▶ **DIRECTIONS FOR THIS TASK**
Transcribe every record verbatim; no pictures.

*** DATASET RECORDS ***

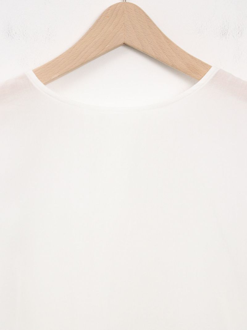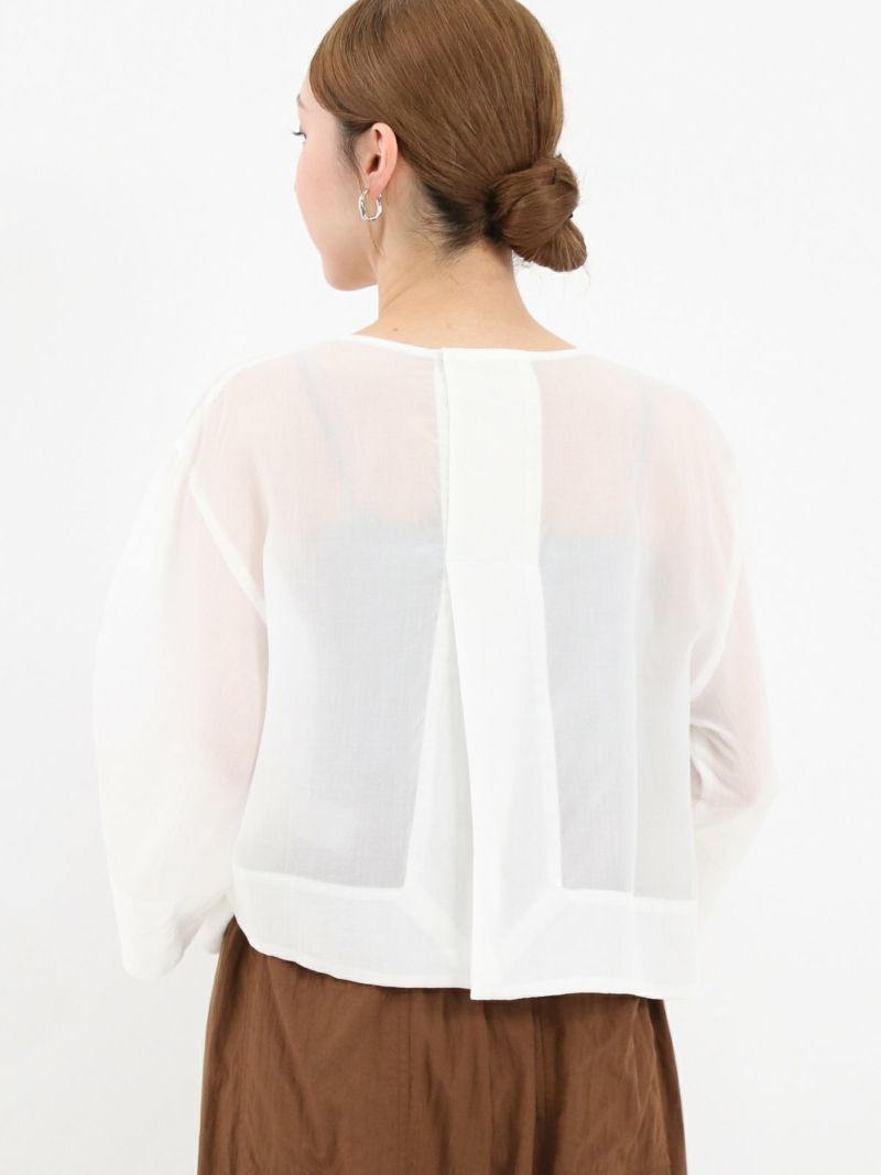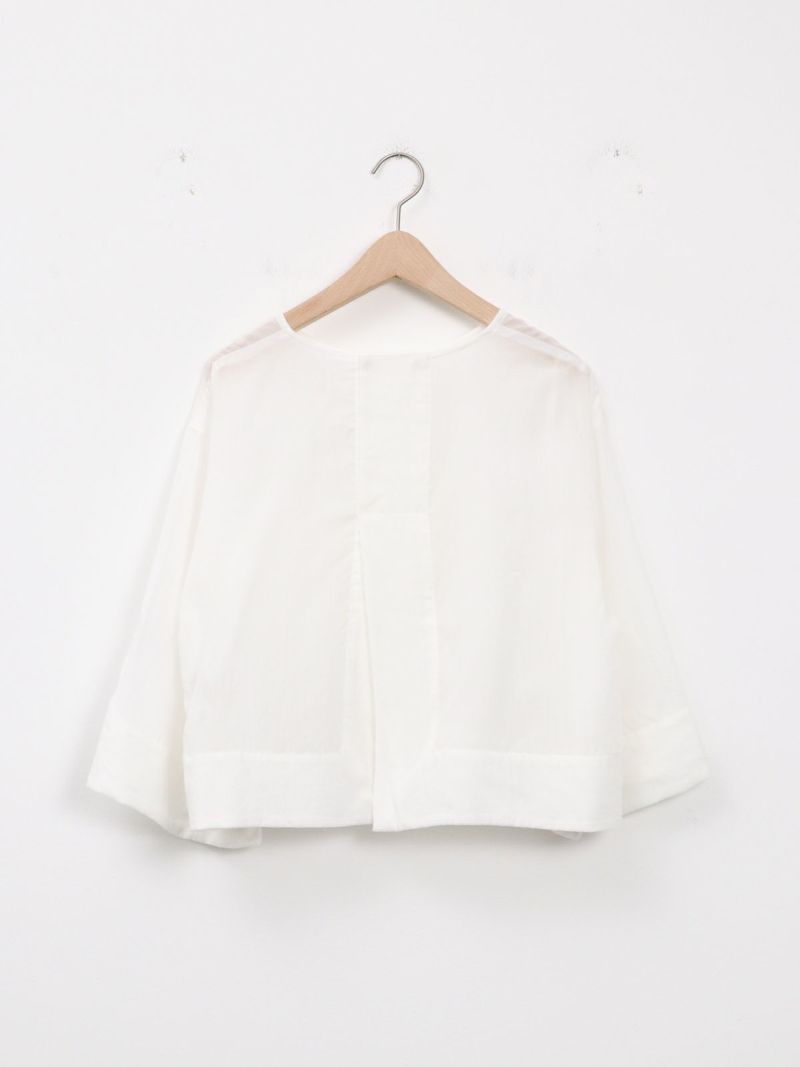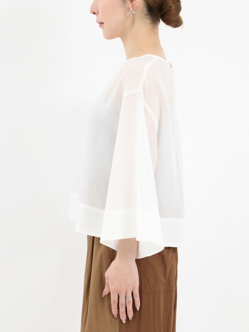 しなやかで肌なじみが良く、通気性にも優れたプルオーバータイプのブラウス。 シンプルながら、ワイドスリーブとバックスリットがモードなアクセントに。後ろはスナップボタン仕様で、着脱がしやすくなっています。トレンドのクロップド丈は、ワイドパンツやロングスカートとのコーデがおすすめです。
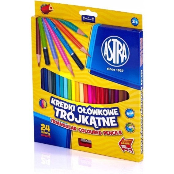 Kredki ołówkowe trójkątne 24 kolory + temperówka 312110003 ASTRA
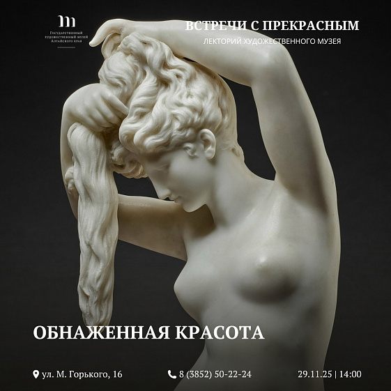 В Государственном художественном музее Алтайского края (ул. Максима Горького, 16) 29 ноября в 14:00 пройдёт лекция «Обнажённая красота» в рамках лектория «Встречи с прекрасным».Заведующая сектором выставок научно-просветительского отдела Светлана Артюхова расскажет об обнажённой натуре в истории развития скульптуры. Лекция поможет проследить, как менялось отношение к скульптуре от «палеолитических Венер» до «Поцелуя» Огюста Родена; подскажет, что держала Венера Милосская в руках и какое отношение имеет остров Милос к скульптуре; покажет, какое отношение скульптура «Тираноборцы» III века до нашей эры имеет к скульптурной группе Веры Мухиной «Рабочий и колхозница»; объяснит, почему «Ника Самофракийская» считается одним из самых значительных произведений искусства эллинистического периода и куда подевалась одежда античных скульптур. Возрастное ограничение 12+.
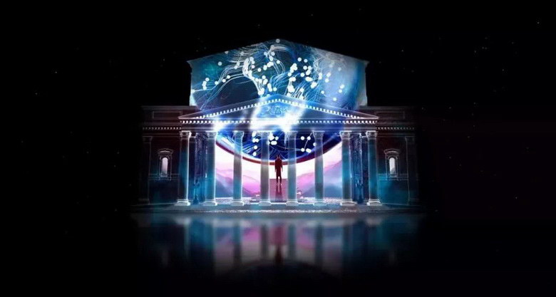 “天體力學”,兩座建筑的相互作用,設計師用3D Mapping在兩座建筑上講述一對愛侶的故事。
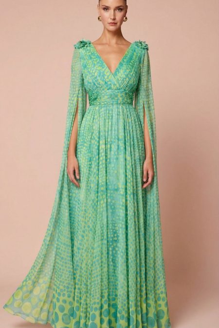 VESTIDO LARGO DE GASA MANGA CAPA
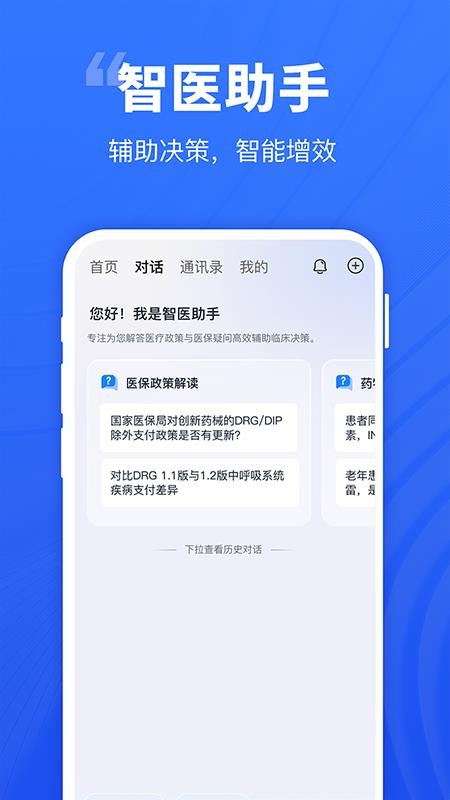 Digital Doctor软件是一款专为医生用户提供线上专属诊疗伙伴的应用软件,软件中提供了强大的智医助手,用户可以实现AI对话互动,实时咨询相关的医疗问题,对权威的医保政策都可详细解读查看,更好的了解,就可辅助用户来轻松决策,畅享高效便捷的决策体验。平台还为用户提供了线上专属的工作台,随时查看处理待办事项,轻松掌握,更好的实现移动办公,提高用户的诊疗效率;此外,Digital Doctor官方版还支持用户随时管理相关的患者,让你轻松管理,便捷查看患者的档案,精准治疗管理,有需要的用户就赶紧来本站下载使用吧!

***

▶ **RESPONSE**
 しなやかで肌なじみが良く、通気性にも優れたプルオーバータイプのブラウス。 シンプルながら、ワイドスリーブとバックスリットがモードなアクセントに。後ろはスナップボタン仕様で、着脱がしやすくなっています。トレンドのクロップド丈は、ワイドパンツやロングスカートとのコーデがおすすめです。
 Kredki ołówkowe trójkątne 24 kolory + temperówka 312110003 ASTRA
 В Государственном художественном музее Алтайского края (ул. Максима Горького, 16) 29 ноября в 14:00 пройдёт лекция «Обнажённая красота» в рамках лектория «Встречи с прекрасным».Заведующая сектором выставок научно-просветительского отдела Светлана Артюхова расскажет об обнажённой натуре в истории развития скульптуры. Лекция поможет проследить, как менялось отношение к скульптуре от «палеолитических Венер» до «Поцелуя» Огюста Родена; подскажет, что держала Венера Милосская в руках и какое отношение имеет остров Милос к скульптуре; покажет, какое отношение скульптура «Тираноборцы» III века до нашей эры имеет к скульптурной группе Веры Мухиной «Рабочий и колхозница»; объяснит, почему «Ника Самофракийская» считается одним из самых значительных произведений искусства эллинистического периода и куда подевалась одежда античных скульптур. Возрастное ограничение 12+.
 “天體力學”,兩座建筑的相互作用,設計師用3D Mapping在兩座建筑上講述一對愛侶的故事。
 VESTIDO LARGO DE GASA MANGA CAPA
 Digital Doctor软件是一款专为医生用户提供线上专属诊疗伙伴的应用软件,软件中提供了强大的智医助手,用户可以实现AI对话互动,实时咨询相关的医疗问题,对权威的医保政策都可详细解读查看,更好的了解,就可辅助用户来轻松决策,畅享高效便捷的决策体验。平台还为用户提供了线上专属的工作台,随时查看处理待办事项,轻松掌握,更好的实现移动办公,提高用户的诊疗效率;此外,Digital Doctor官方版还支持用户随时管理相关的患者,让你轻松管理,便捷查看患者的档案,精准治疗管理,有需要的用户就赶紧来本站下载使用吧!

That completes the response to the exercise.